Desafiado pelo JN a olhar para o futuro da hospitalização domiciliária, Delfim Rodrigues acredita que é preciso "apostar em áreas que fazem a diferença na vida das pessoas". Uma delas passa por levar a casa tratamentos realizados em hospital de dia. E já há alguns exemplos no terreno.
O Centro Hospitalar e Universitário de Coimbra e o Hospital D. Estefânia, em Lisboa, têm projetos para tratamentos endovenosos de crianças no domicílio. O Centro Hospitalar do Médio Tejo, além de já estar a internar crianças em casa, também faz consultas e alguns tratamentos a doentes crónicos da Pediatria (ler página ao lado). E no Hospital Senhora da Oliveira, em Guimarães, também já se faz terapêutica de substituição enzimática domiciliária a quem tem doenças de sobrecarga.
Na Oncologia, refere o coordenador do Programa Nacional de Implementação das Unidades de Hospitalização Domiciliária nos hospitais do SNS, "há um próximo passo arrojado a dar que é a quimioterapia em casa". Será sempre dependente da neoplasia e do índice de severidade, mas "devemos começar a pensar como podemos garantir a qualidade e a segurança do tratamento em casa, evitando a deslocação do doente ao hospital", adianta Delfim Rodrigues.
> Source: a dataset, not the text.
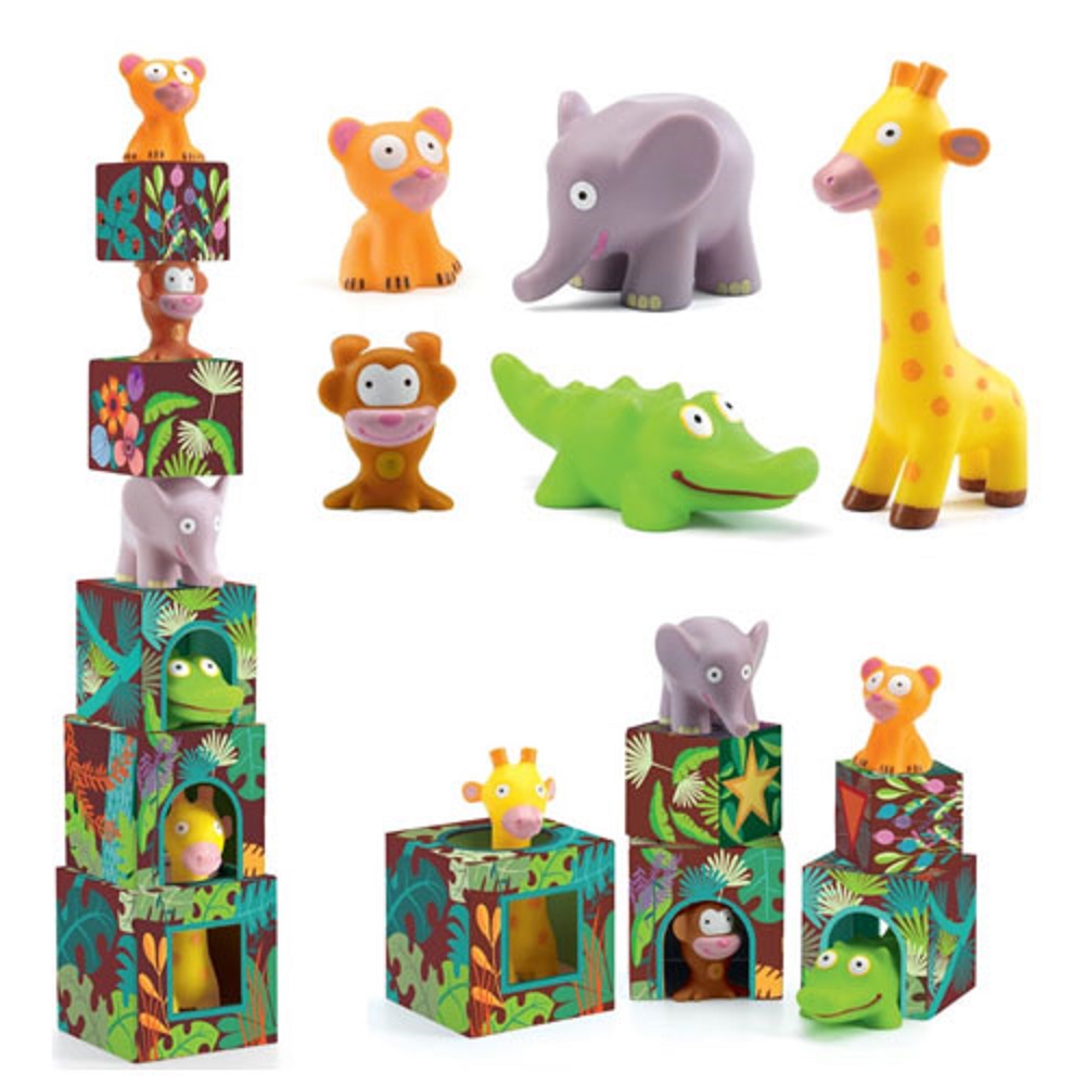 Οι κύβοι είναι ανοικτοί στο μπροστινό μέρος τους, ώστε να μπορούν να χρησιμοποιηθούν σαν μικρά σπίτια, για τα 5 πλαστικά ζωάκια που περιλαμβάνονται στην συσκευασία (καμηλοπάρδαλη, κροκόδειλος, ελέφαντας, μαϊμού και λιοντάρι).

E é eficiente? "Vejo outros países a fazer", responde, apontando os exemplos dos Países Baixos e da Dinamarca, que "fazem tratamentos oncológicos em centros comunitários e casa a casa".
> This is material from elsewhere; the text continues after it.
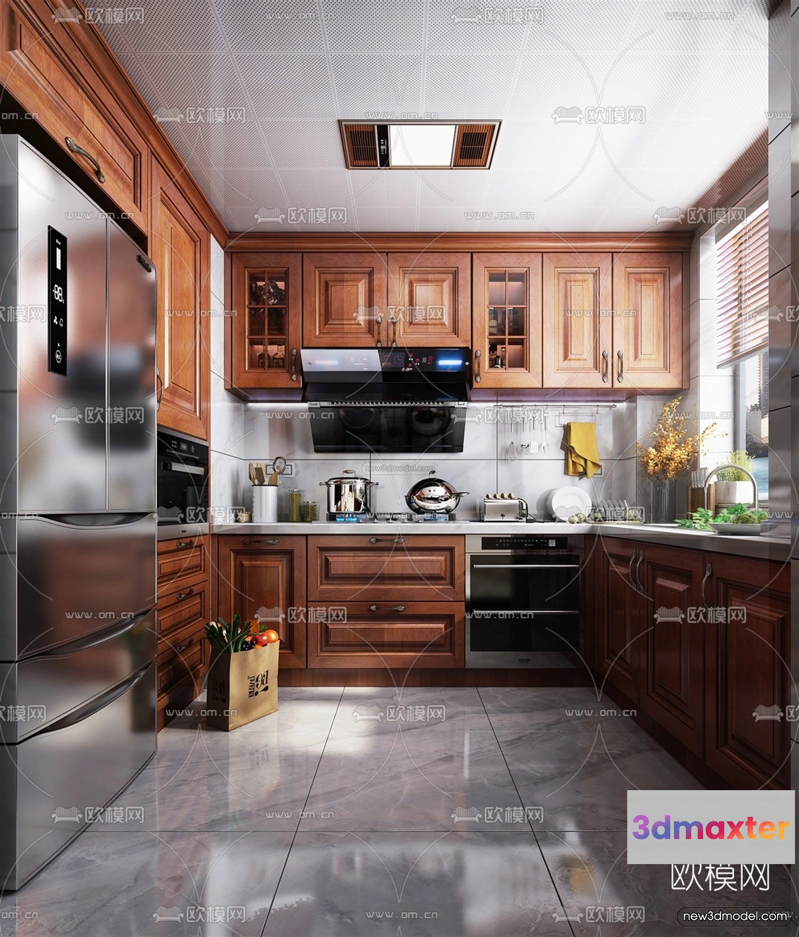 Europe Style Interior 3D Blocks – Kitchen 3D Model – 297 – Kitchen 3D Model – VRAY

Investir em recursos humanos
Francisca Delerue, diretora do Serviço de Medicina Interna do Garcia de Orta e presidente do II Congresso Nacional de Hospitalização Domiciliária, que termina hoje, acredita que o futuro do internamento domiciliário passa pelo alargamento a mais doentes, com o recurso à telemonitorização para se chegar a patologias mais complexas. Mas, avisa a médica, "é preciso ajudar os hospitais" neste crescimento, um recado que será enviado ao Ministério da Saúde no final do congresso. "Queremos mostrar à tutela que é preciso investir nas 36 unidades e o principal investimento é em recursos humanos", diz, notando que também falta autonomia aos hospitais para contratarem.
SEGURANÇA
Taxas de mortalidade e de reinternamento são mais baixas
A hospitalização domiciliária (HD) tem dado provas de segurança e qualidade. A taxa de mortalidade no domicílio é de 1,02% (dados de 31 de dezembro de 2021), mais baixa do que a hospitalar (5%). E a taxa de reinternamento (a 72 horas, 30 e 90 dias), indicador que mede a qualidade do serviço prestado, "é de 35% nos hospitais e de 2% na hospitalização domiciliária", revela Delfim Rodrigues. Dados que assumem especial significado entre os idosos. Segundo o responsável do programa de HD, 25% dos doentes com mais de 85 anos morrem nos 30 dias pós-alta hospitalar e 45% entram em dependência funcional absoluta.